We start to break the automatic sequence down: notice a thought or an event happens, which leads to a feeling, which leads to a response. We begin to notice that everything is always changing. Even an unpleasant feeling transforms with the passage of time. Learning this allows us to stay with an unpleasant feeling and not immediately want to numb out with an addictive choice. Instead we just notice that something is unpleasant and observe our automatic reaction to it. We begin to be aware of thoughts and reactions that reflect the feelings of: anxiety, despair, frustration, boredom, nervousness, joy, contentment and calm.

 

 

We learn to just be with our feelings and not push them away.

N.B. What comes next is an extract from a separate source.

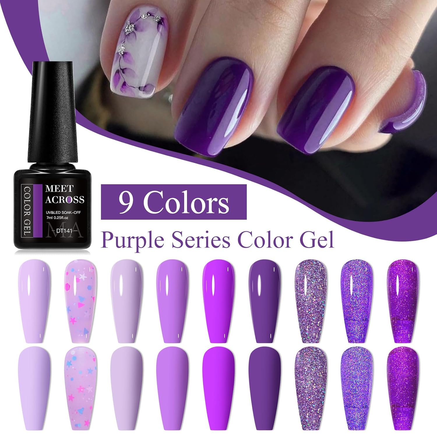 MEET ACROSS 9 Colors Gel Nail Polish + 3PCS Function Gel Nail Polish Kit,Fashion Nail Art Set Design Gifts for Women Manicure Salon (SET2, 12pcs)
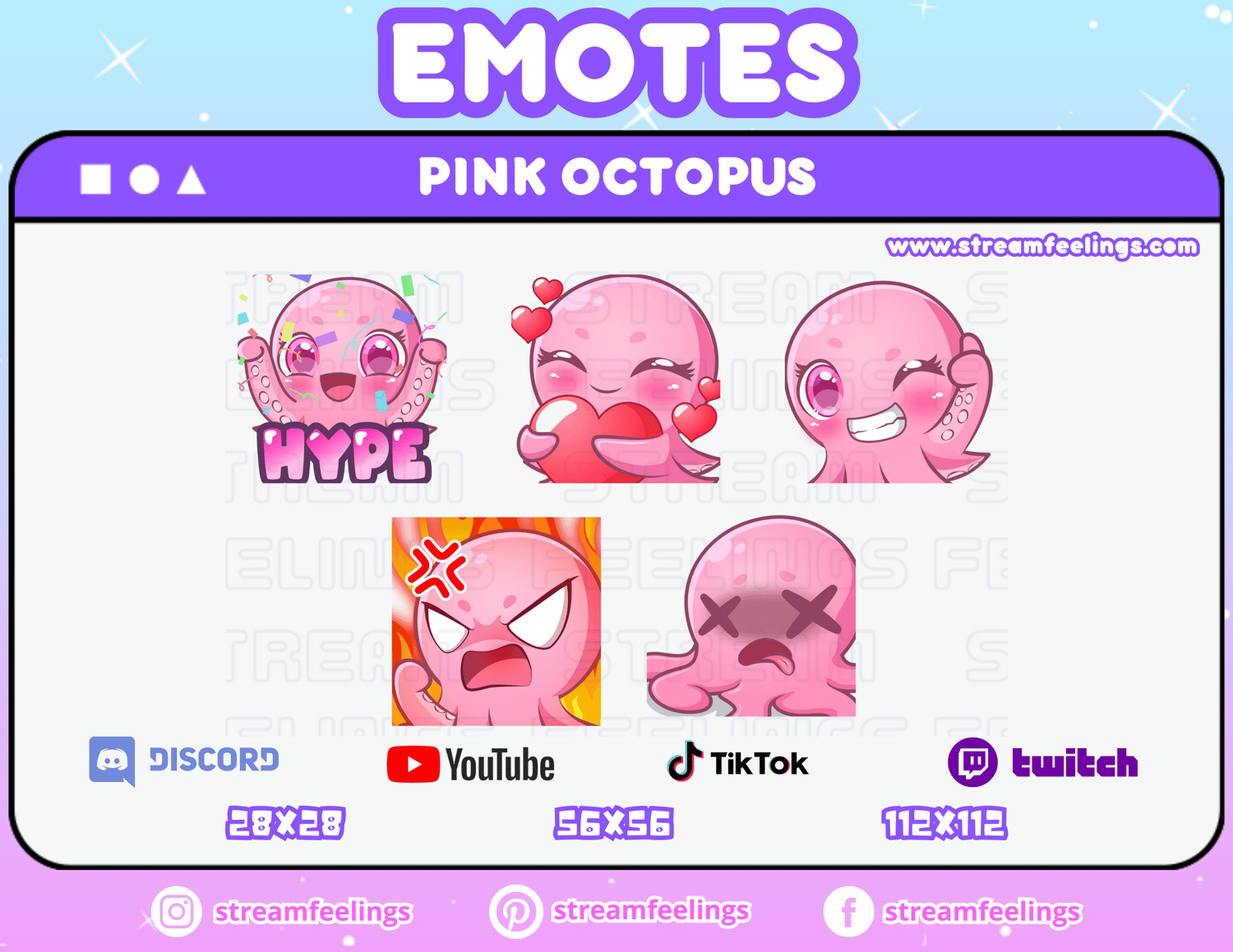 This digital file listing includes 5 emotes in 3 sizes (112x112, 56x56, and 28x28 px) in a zip folder, ready for you to personalize your channel.

We begin to express the skill of non-reaction, that is, whatever emotion turns up, we can just see it for what it is—as a feeling that has arisen and will pass away.

The Resources 2 section shares different methods and approaches to insight (Vippasna) meditation.

 

 

How to avoid self-destructive eating

 

The process just described, of using our minds to get in touch with our feelings and our bodies, and to calm our chaotic thoughts down can be very useful to help us avoid self-destructive reasons for eating. We need to practice these concepts at a time when it is most difficult to do so—when we are confused, cranky and feeling like numbing out with food.

 

To integrate these ideas into your life so that they can benefit you, read over these concepts, contemplate them—and then when you’re about to fall into your old self-destructive pattern—just pause—open to this section and the meditations on Be a Gardener to Your Own Mind and Examining the Mind—and work yourself through this process of learning how to cope with difficult circumstances.

 

Practicing this way makes the new choices permanent, an established part of how you live. 

 

Discover other insights and practical tools at:

Explore and contemplate these ideas to transform the emotional need underneath the craving:

              Copyright © 2001-2015 Bob Wilson BS, DTR  All Right Reserved. Articles are for personal use only. Please request permission for other uses. Thanks!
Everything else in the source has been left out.